Mifeprex is used, together with another medication called misoprostol, to end an early pregnancy (within 49 days of the start of a woman's last menstrual period). Since its approval in September 2000, the Food and Drug Administration has received reports of serious adverse events, including several deaths, in the United States following medical abortion with mifepristone and misoprostol.  Each time FDA receives a report of a serious adverse event or death after medical abortion with these drugs, the agency carefully analyzes the available scientific information to determine whether or not the serious adverse event or death is related to the use of the drugs.

As previously reported by the agency, several of the women who died in the United States died from sepsis (severe illness caused by infection of the bloodstream) after medical abortion with mifepristone and misoprostol.  Sepsis is a known risk related to any type of abortion.  Most of these women were infected with the same type of bacteria,  known as Clostridium sordellii.  The symptoms in these cases of infection were not the usual symptoms of sepsis.  We do not know whether using mifepristone and misoprostol caused these deaths.

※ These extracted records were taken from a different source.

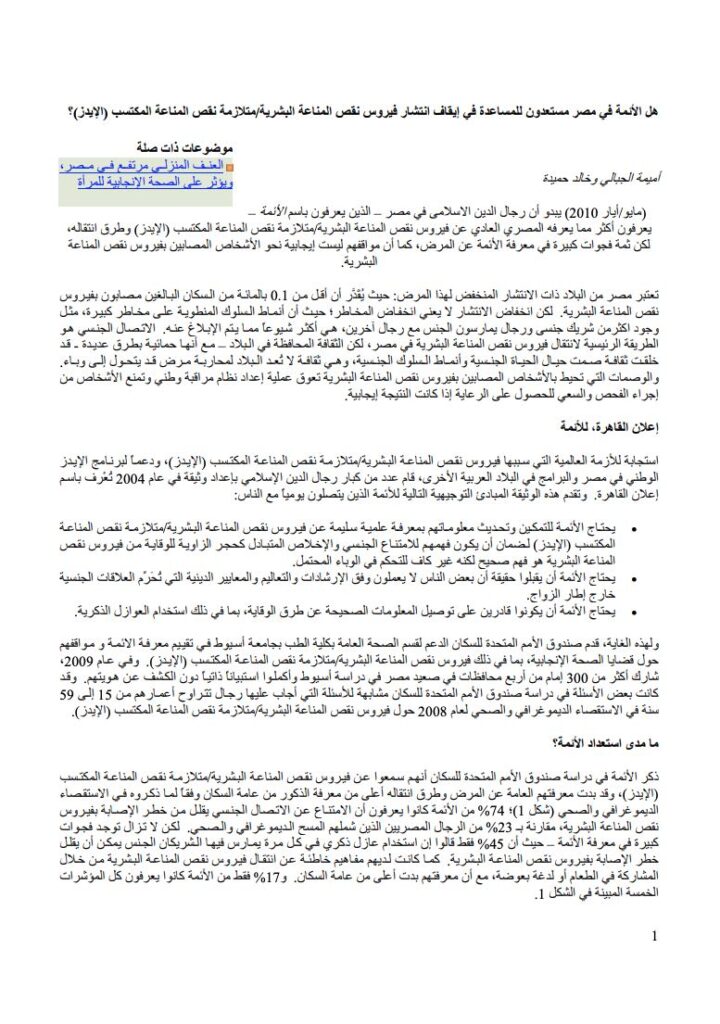 Report. Are Imams in Egypt Prepared to Help Stop the Spread of HIV/AIDS? (Arabic)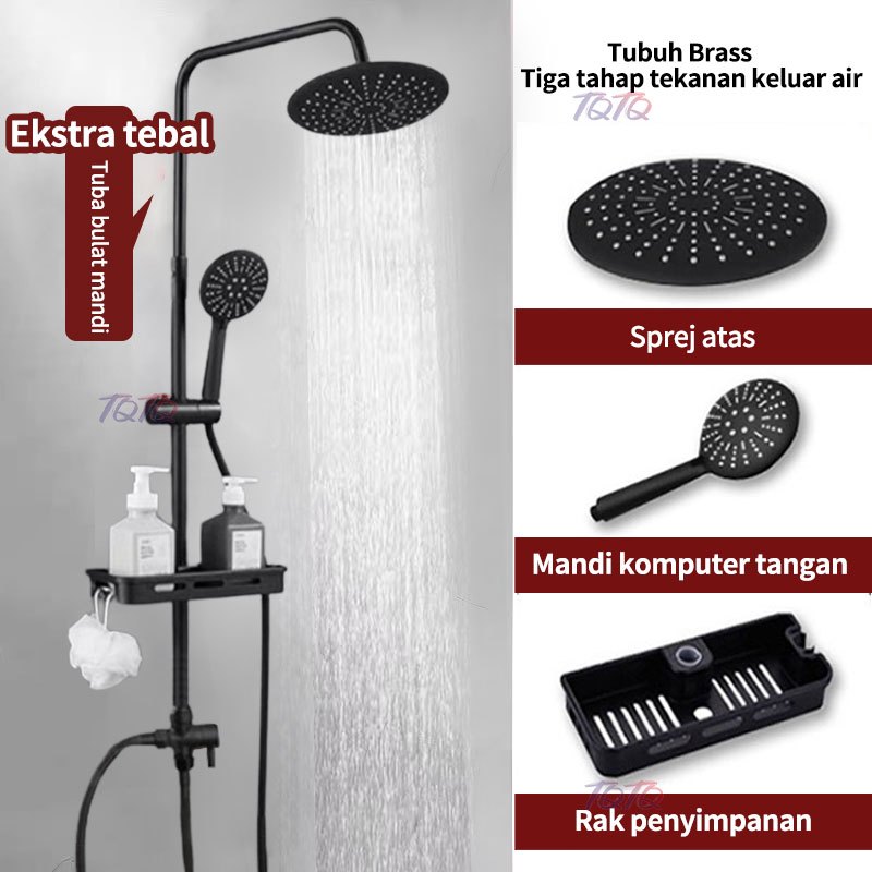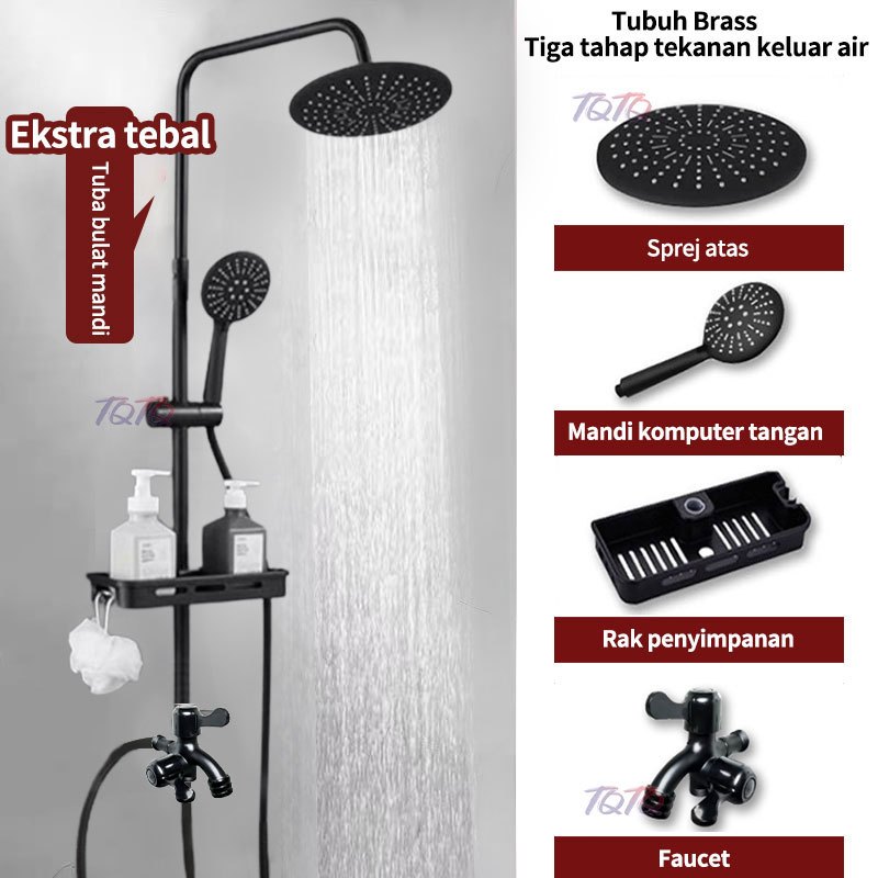 TQTQ Paket Shower Kamar Mandi Bulat Stainless Wall Mounted Hitam Set Lengkap Murah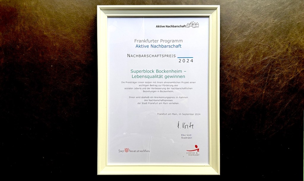 Gestern haben wir den Anerkennungspreis im Rahmen des Nachbarschaftspreises der Stadt Frankfurt a.M. erhalten, wir freuen uns! Die Preisträger:innen leisten mit ihrem ehrenamtlichen Projekt einen wichtigen Beitrag zur Förderung des sozialen Lebens und der Verbesserung der nachbarschaftlichen Beziehungen in Bockenheim.

Patients should contact a healthcare practitioner right away if they have taken these medications for medical abortion and develop stomach pain or discomfort, or have weakness, nausea, vomiting or diarrhea with or without fever, more than 24 hours after taking the misoprostol.  These symptoms, even without a fever, may indicate sepsis.  Patients should make sure their healthcare practitioner knows they are undergoing a medical abortion.

All providers of medical abortion and emergency room healthcare practitioners should investigate the possibility of sepsis in women who are undergoing medical abortion and present with nausea, vomiting, or diarrhea and weakness with or without abdominal pain. These symptoms even without a fever may indicate a hidden infection.  Strong consideration should be given to obtaining a complete blood count in these patients.  Significant leukocytosis with a marked left shift and hemoconcentration may be indicative of sepsis.

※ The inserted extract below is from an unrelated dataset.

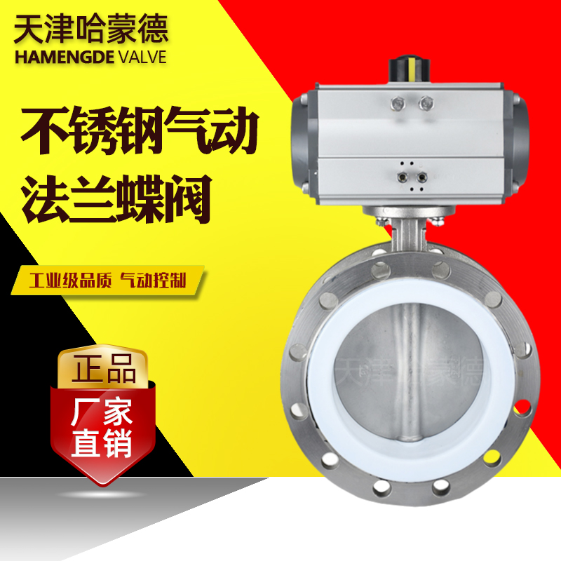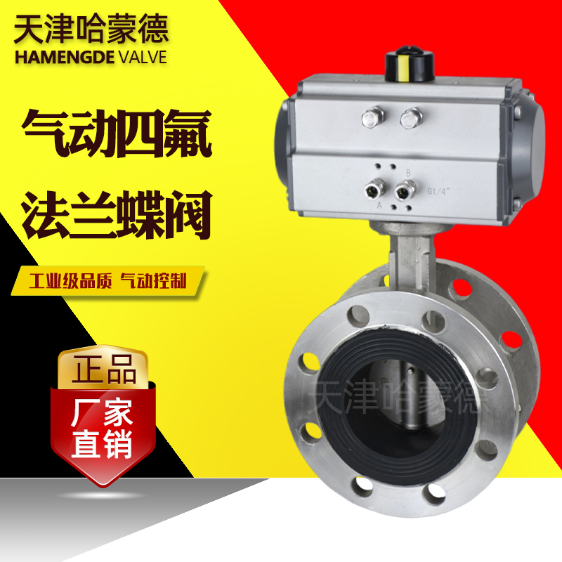 哈蒙德D641F-16P气动法兰四氟不锈钢蝶阀304防腐耐酸碱高温开关阀PTFE密封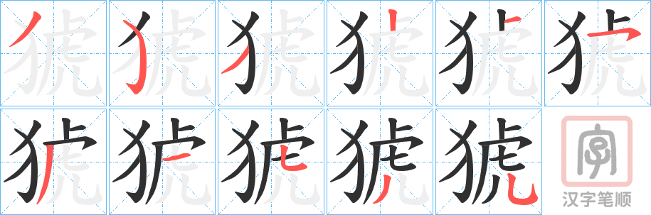 简体部首:犭部 部外笔画:8画 总笔画:11画 造字法:会意 可拆字为“犭 虎”

FDA recommends that healthcare practitioners have a high index of suspicion for serious infection and sepsis in patients with this presentation and consider immediately initiating treatment with antibiotics that includes coverage of anaerobic bacteria such as Clostridium sordellii.

FDA does not have sufficient information to recommend the use of prophylactic antibiotics for women having a medical abortion.  Reports of fatal sepsis in women undergoing medical abortion are very rare (approximately 1 in 100,000).  Prophylactic antibiotic use carries its own risk of serious adverse events such as severe or fatal allergic reactions.  Also, prophylactic use of antibiotics can stimulate the growth of “superbugs,” bacteria resistant to everyday antibiotics.  Finally, it is not known which antibiotic and regimen (what dose and for how long) will be effective in cases such as the ones that have occurred.

These recommendations are consistent with warnings in the Prescribing Information and information for the patient in the Medication Guide for Mifeprex.

The approved Mifeprex regimen for a medical abortion through 49 day’s pregnancy is:

    * Day One: Mifeprex Administration: 3 tablets of 200 mg of Mifeprex orally at once
    * Day Three: Misoprostol Administration: 2 tablets of 200 mcg of misoprostol orally at once
    * Day 14: Post-Treatment: The patient must return to confirm that a complete termination has occurred.  If not, surgical termination is recommended to manage medical abortion treatment failures.

The safety and effectiveness of other Mifeprex dosing regimens, including use of oral misoprostol tablets intravaginally, has not been established by the FDA.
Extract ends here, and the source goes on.